Available data: Begin

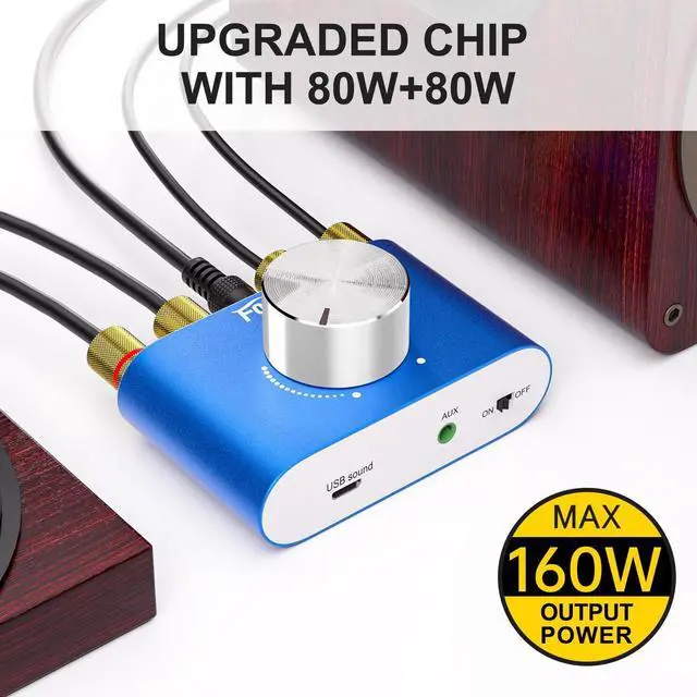 Impedance: 4~8 Ohm. ^^ Truly Amplified Your Music Experience-- This little powerhouse delivers crystal-clear stereo sound that belies its size. The 80W2 channels fill your space with rich, high-fidelity tunes, effortlessly streaming via Bluetooth from devices or connected through the handy AUX/USB inputs. Dont let its size fool you. It has a high quality feel and sounds wonderful. The small size means you can tuck it right under one monitor, leaving the volume control handy and taking no desk space. ^^ User-friendly 3 Inputs Optional-- With Bluetooth 5.0 / USB / 3.5 mm AUX audio cable input, compatible with most common audio device such as phone, tablet, computer, TV, CD player, etc. Bluetooth 5.0 wireless input achieves faster and more stable transmission, USB input plug and play, no need for any driver. The connectors on the back work with both spliced cables or banana plugs. Equipped with complete accessories, you can enjoy its powerful function at once when you receive it. ^^ Warming NOTES-- This Amplifier is NOT COMPATIBLE a range of products launched by such as Echo, Alexa ect.
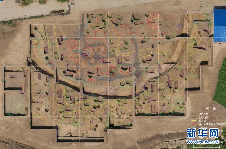 这是2019年8月27日在河南省巩义市河洛镇拍摄的双槐树遗址(无人机照片)。新华社记者 李安 摄
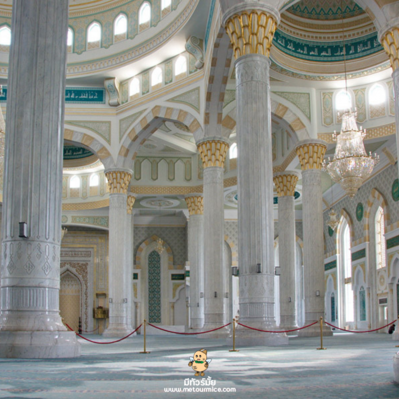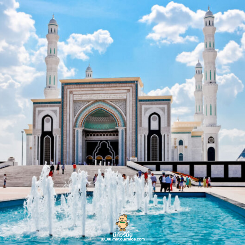 มัสยิดสุลตานฮัซเรต (Hazrat Sultan Mosque) มัสยิดสุลตานฮัซเรตเป็นมัสยิดที่ใหญ่ที่สุดในคาซัคสถานและใหญ่เป็นอันดับ 2 ของเอเชียกลาง ด้วยความสูงของยอดโดมถึง 51 เมตร เส้นผ่าศูนย์กลาง 28.1 เมตร อีกทั้งมีโดมขนาดเล็ก 8 โดมล้อมรอบ ตกแต่งด้วยหินอ่อนและประดับลวดลายตามจุดต่างๆ แบบฉบับคาซัคสถาน ภายในมีห้องประกอบพิธีทางศาสนาหลายห้องถือเป็นศูนย์กลางทางศาสนาอิสลามที่สำคัญอีกแห่งหนึ่งของโลกเลยก็ว่าได้
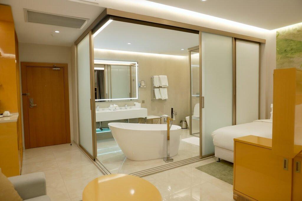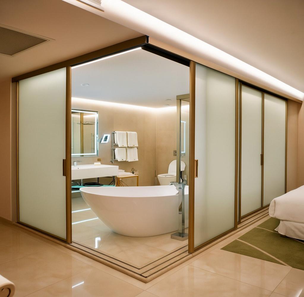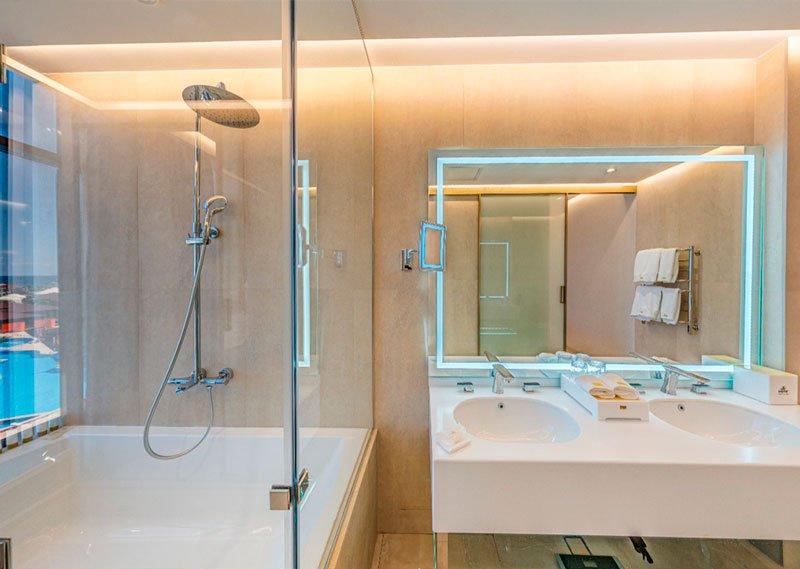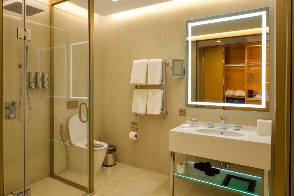 Современная ванная комната с премиальной косметикой, мягкими полотенцами и фирменными халатами.
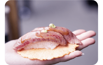 孕育於優質水源,以細膩油花與柔軟肉質著稱。油脂甜美、入口即化。行經高山老街,必嚐名物飛驒牛壽司。

Available data: End

** The task **
Repeat the listing verbatim, pictures excluded.

** Completed task **
 Impedance: 4~8 Ohm. ^^ Truly Amplified Your Music Experience-- This little powerhouse delivers crystal-clear stereo sound that belies its size. The 80W2 channels fill your space with rich, high-fidelity tunes, effortlessly streaming via Bluetooth from devices or connected through the handy AUX/USB inputs. Dont let its size fool you. It has a high quality feel and sounds wonderful. The small size means you can tuck it right under one monitor, leaving the volume control handy and taking no desk space. ^^ User-friendly 3 Inputs Optional-- With Bluetooth 5.0 / USB / 3.5 mm AUX audio cable input, compatible with most common audio device such as phone, tablet, computer, TV, CD player, etc. Bluetooth 5.0 wireless input achieves faster and more stable transmission, USB input plug and play, no need for any driver. The connectors on the back work with both spliced cables or banana plugs. Equipped with complete accessories, you can enjoy its powerful function at once when you receive it. ^^ Warming NOTES-- This Amplifier is NOT COMPATIBLE a range of products launched by such as Echo, Alexa ect.
 这是2019年8月27日在河南省巩义市河洛镇拍摄的双槐树遗址(无人机照片)。新华社记者 李安 摄
 มัสยิดสุลตานฮัซเรต (Hazrat Sultan Mosque) มัสยิดสุลตานฮัซเรตเป็นมัสยิดที่ใหญ่ที่สุดในคาซัคสถานและใหญ่เป็นอันดับ 2 ของเอเชียกลาง ด้วยความสูงของยอดโดมถึง 51 เมตร เส้นผ่าศูนย์กลาง 28.1 เมตร อีกทั้งมีโดมขนาดเล็ก 8 โดมล้อมรอบ ตกแต่งด้วยหินอ่อนและประดับลวดลายตามจุดต่างๆ แบบฉบับคาซัคสถาน ภายในมีห้องประกอบพิธีทางศาสนาหลายห้องถือเป็นศูนย์กลางทางศาสนาอิสลามที่สำคัญอีกแห่งหนึ่งของโลกเลยก็ว่าได้
 Современная ванная комната с премиальной косметикой, мягкими полотенцами и фирменными халатами.
 孕育於優質水源,以細膩油花與柔軟肉質著稱。油脂甜美、入口即化。行經高山老街,必嚐名物飛驒牛壽司。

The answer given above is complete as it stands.